The U.S. economy remained sluggish early in the second quarter with high gasoline prices crimping consumer spending and bad weather helping to push pending home sales to a seven-month low in April.
Consumer spending increased 0.4 percent for a 10th straight month of gains, the Commerce Department said on Friday, after rising 0.5 percent in March.
But prices rose 0.3 percent, leaving spending up just 0.1 percent and incomes stagnant when adjusted for inflation.
Tornadoes and floods, which lashed parts of the country last month, were blamed in part for an 11.6 percent plunge in contracts to buy previously owned homes last month.
We see the soft patch of the first quarter bleeding, at least, into the first half of the second quarter, said Robert Dye, senior economist at PNC Financial Services in Pittsburgh.
We will see again a consumer that can keep pace with the economy, but cannot drive the economy forward.
Recent data including retail sales and industrial output have been soft, prompting economists to lower their growth forecasts for the second quarter. Further cuts are likely next week should May auto sales come in very weak.
Second-quarter gross domestic product forecasts are currently ranging between a 2.5 percent and 3 percent rate.
The government reported on Thursday that consumer spending -- which accounts for about 70 percent of U.S. economic activity -- grew at a tepid 2.2 percent annual rate in the first quarter, slowing from a 4 percent clip in the final three months of 2010.
That contributed to holding back overall economic growth to a 1.8 percent pace during the quarter after a 3.1 percent rate in the October-December period.
With much of the slowdown attributed to what U.S. policymakers see as temporary factors, such as high commodity prices and supply chain disruptions because of the earthquake in Japan, the Federal Reserve is not expected to worry too much about the pace of recovery.
The U.S. central bank is expected to keep its ultra-easy monetary stance after it wraps up its $600 billion government bond-buying program in June before it start looking at ways to withdraw some of the stimulus it has lent the economy.
The high gasoline prices swallowed almost all the increase in incomes from U.S. tax cuts enacted in December.
Economists worry that stagnant incomes -- which have failed to keep up with inflation -- will continue to impede spending even though prices at the fuel pump are starting to fall.
So far, consumers have resorted to saving less and some are tapping into their savings to maintain spending. Incomes rose 0.4 percent last month, but disposable incomes adjusted for inflation were flat for a second straight month.
Real incomes have not grown this year and the saving rate stayed at a 2-1/2 year low of 4.9 percent in April. According to the Commerce Department's chief economist, Mark Doms, Americans saved $82 less over the past four months.
Consumers have dipped into savings in order to make it through this challenging environment, said Michael Feroli, an economist at JPMorgan in New York.

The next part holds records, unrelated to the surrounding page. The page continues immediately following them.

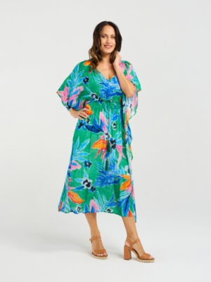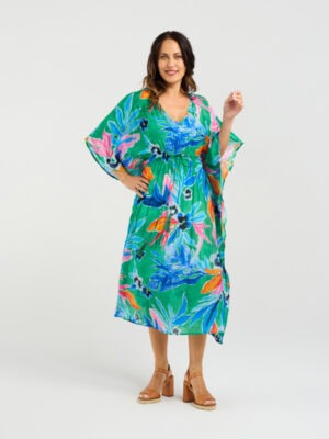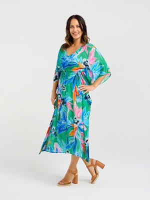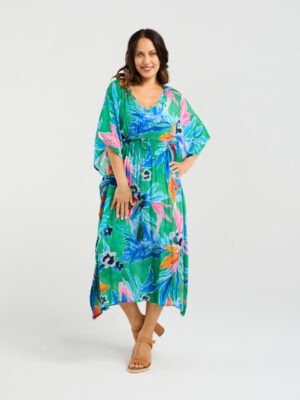This breezy kaftan features a relaxed silhouette brought to life by a vibrant tropical print, evoking a sense of effortless vacation style. Designed with a waist tie for adjustable shaping, it flatters the figure while maintaining a flowy, laid-back feel.
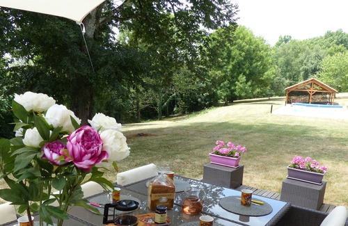 Private terrace of 25 m² with large garden furniture and shade sail, view and direct access to the pool.
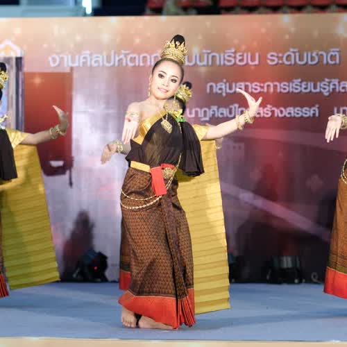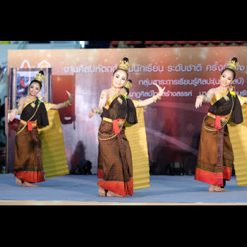 | คำสำคัญ : การฟ้อนรำ, สพฐ., ศิลปหัตถกรรมนักเรียน, การแสดงนาฏศิลป์, การรำ, งานศิลปหัตถกรรมนักเรียนระดับชาติ ครั้งที่ 66, การแข่งขันนาฏศิลป์ |
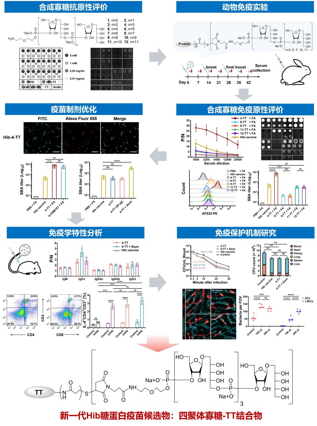 在此基础上,研究团队以“疫苗制剂优化——免疫学特征解析——保护机制阐明”为主线,搭建了贯穿体内外的系统性评价平台(图2)。在疫苗制剂优化方面,四聚体与载体蛋白TT的缀合物在诱导IgG抗体滴度、菌体亲和力及血清杀菌活性方面均显著优于与CRM197的缀合物;在无佐剂条件下,四聚体缀合物4-TT在相同接种剂量下可获得与上市Hib多糖蛋白疫苗相当的免疫保护效力,而引入铝佐剂则显著加速了免疫启动,为快速建立免疫屏障提供了强效方案。进一步的疫苗免疫原性评价结果显示,无佐剂的4-TT不仅诱导了与上市疫苗同等水平的IgM及IgG全亚类应答,实现了高效的抗体类别转换,还显著上调了小鼠脾脏CD4+与CD8+ T细胞比例。此外,经灭活Hib菌体特异性刺激后,CD4+ T细胞中IL-4与IFN-γ的高表达进一步证实其能有效驱动Th1/Th2混合型细胞免疫应答。对疫苗保护机制研究也开展了研究,利用小鼠菌血症模型验证了4-TT抗血清突出的体内细菌清除能力,不仅能在30分钟内高效清除血液循环中的Hib致病菌,更通过抗体介导机制显著增强了肝脏驻留巨噬细胞(KCs)与肝窦内皮细胞(LSECs)对病原体的靶向捕获效率。上述系统性的研究确证了4-TT候选疫苗具备媲美现有商业疫苗的免疫保护效力,为其后续临床研究提供了详实、扎实的基础。
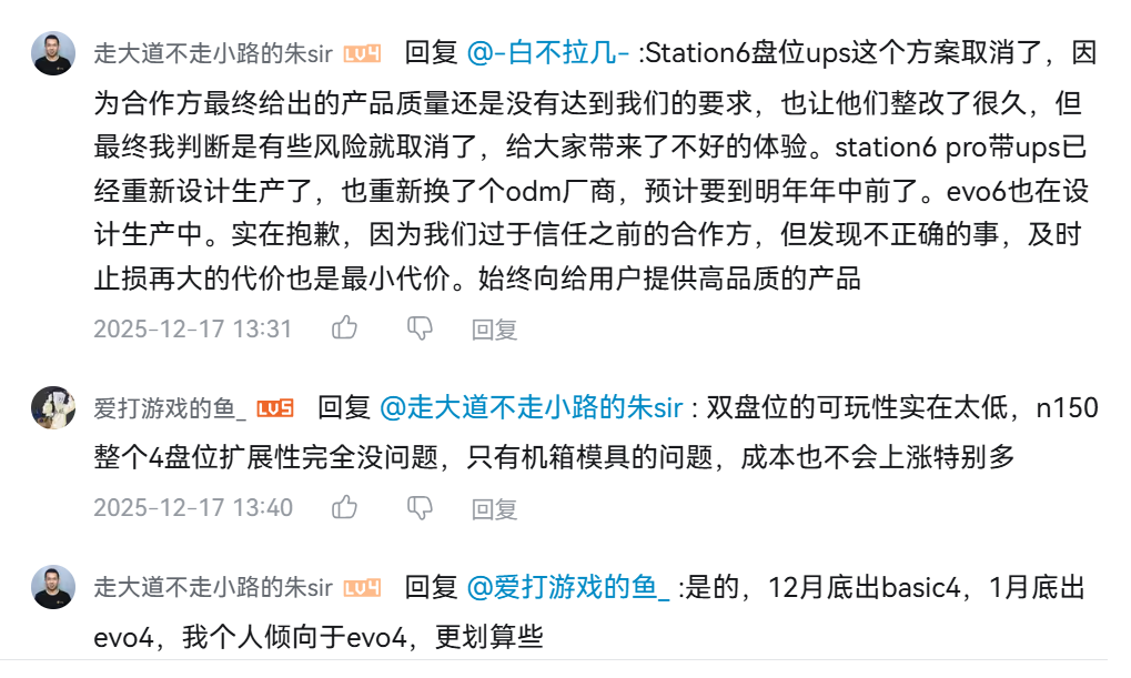 飞牛老板在B站说了,月底4盘位 basic,1月底4盘位 evo,6月 6盘位station ,请各位稍安勿躁

Just as consumers used savings to smooth through the energy price spike on the upside, any move to rebuild saving in the wake of easing gas prices could soften the lift to what otherwise should be a very simulative development.
The retreating gasoline price helped to lift consumer spirits this month and dial down their inflation expectations.
The final version of the Thomson Reuters/University of Michigan consumer sentiment survey showed sentiment among Americans rose this month to 74.3 from 72.4 in the preliminary May reading.
The survey's one-year inflation outlook fell to 4.1 percent from 4.4 percent in April, while expectations for the next five years dipped to 2.9 percent from 3.0 percent.
The national price for regular unleaded gasoline prices slipped to $3.90 a gallon in the week through Monday, according to the Energy Information Administration, after peaking just above $4 a gallon early in the month.
This is giving some economists a reason to be optimistic.
We are optimistic that the recent easing of gas prices -- if it continues -- will provide a tailwind to consumption in the coming months, said Joseph LaVorgna, U.S. chief economist at Deutsche Bank in New York.
High gasoline prices pushed up the year-on-year inflation rate to 2.2 percent, the biggest rise in a year, after increasing 1.8 percent in March.
Excluding food and energy, prices increased 1 percent, the largest gain since September, after rising 0.9 percent in March. Fed officials would like this measure close to 2 percent.